Counsel for several of the accused made applications to court to require the Crown to produce paper disclosure of every document contained in the electronic disclosure. As this would have constituted hundreds of thousands of pages of discovery for each accused, the Crown opposed the application.

Hubris

While counsel for the accused made a number of arguments in support of their application for paper disclosure, this gem from Paragraph 61 of the decision was the standout:

Counsel for some of the accused complain that they have been accustomed to using hardcopies of documents for the course of their careers, and to now ask them to adjust to only using computerized versions of documents would result in an unfairness to them and their clients.  This would necessitate the question of whether other counsel should be called upon to represent the accused if such counsel are more computer literate.  This would thereby limit the accused’s right to choice of counsel.

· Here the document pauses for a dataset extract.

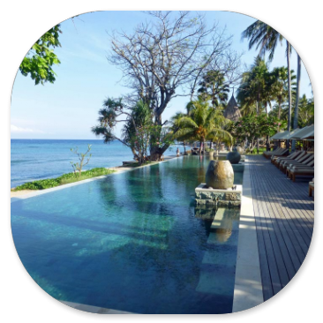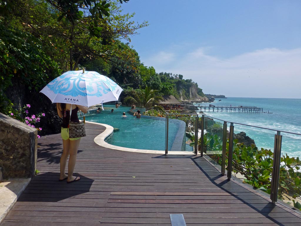 Aber wenn es einem zu heiß wird, geht man einfach ins Wasser. Dazu gibt es mehrere unterschiedliche Poolanlagen. Wir sind immer wieder begeistert von der Blumenpracht, die ein Heer von Gärtnern in Ordnung hält. Es ist in der Tat eine Anlage, die ihre 6 Sterne verdient hat. Wer Interesse hat, sollte sich das einmal alles im Internet anschauen: https://www.ayana.com/bali/ayana-resort-and-spa. Ich habe auch eine Beurteilung des Hotels im Tripadvisor und bei Holidaycheck veröffentlicht. Obwohl wir sehr komfortabel wohnen, kann man hier durchaus neidisch werden, wenn man z.B. sieht, wo andere Gäste wohnen: Es gibt viele Villen mit eigenem Pool, großem Garten, Butler und einer traumhaften Badezimmerlandschaft. Wer sich das leisten kann, kann in der Tat einen Traumurlaub im Paradies verbringen.Auffallend ist die Freundlichkeit des Personals, wir werden mit unserem Namen begrüßt, jeder Wunsch wird umgehend und perfekt erfüllt. Es ist natürlich alles eine Frage des Preises.

While the court ultimately rejected this argument, the fact that it was made at all did not bode well for the future of ediscovery in a place like Manitoba. While the decision was handed down in 2007, I can report that at least as of 2019 when I last practiced law in Canada, a significant fraction of lawyers remained dead set against the innovative use of technology, including electronic disclosure.

Continuing Resistance

From attorneys who refused to use computers, to those who wouldn’t get a Blackberry (back when Blackberries were a thing), resistance to using electronically stored information was endemic to the Bar in rural Manitoba.

And while not every lawyer I worked with shared this phobia, there were enough who did that it put tremendous pressure on the rest of us to refrain from implementing technological advancements.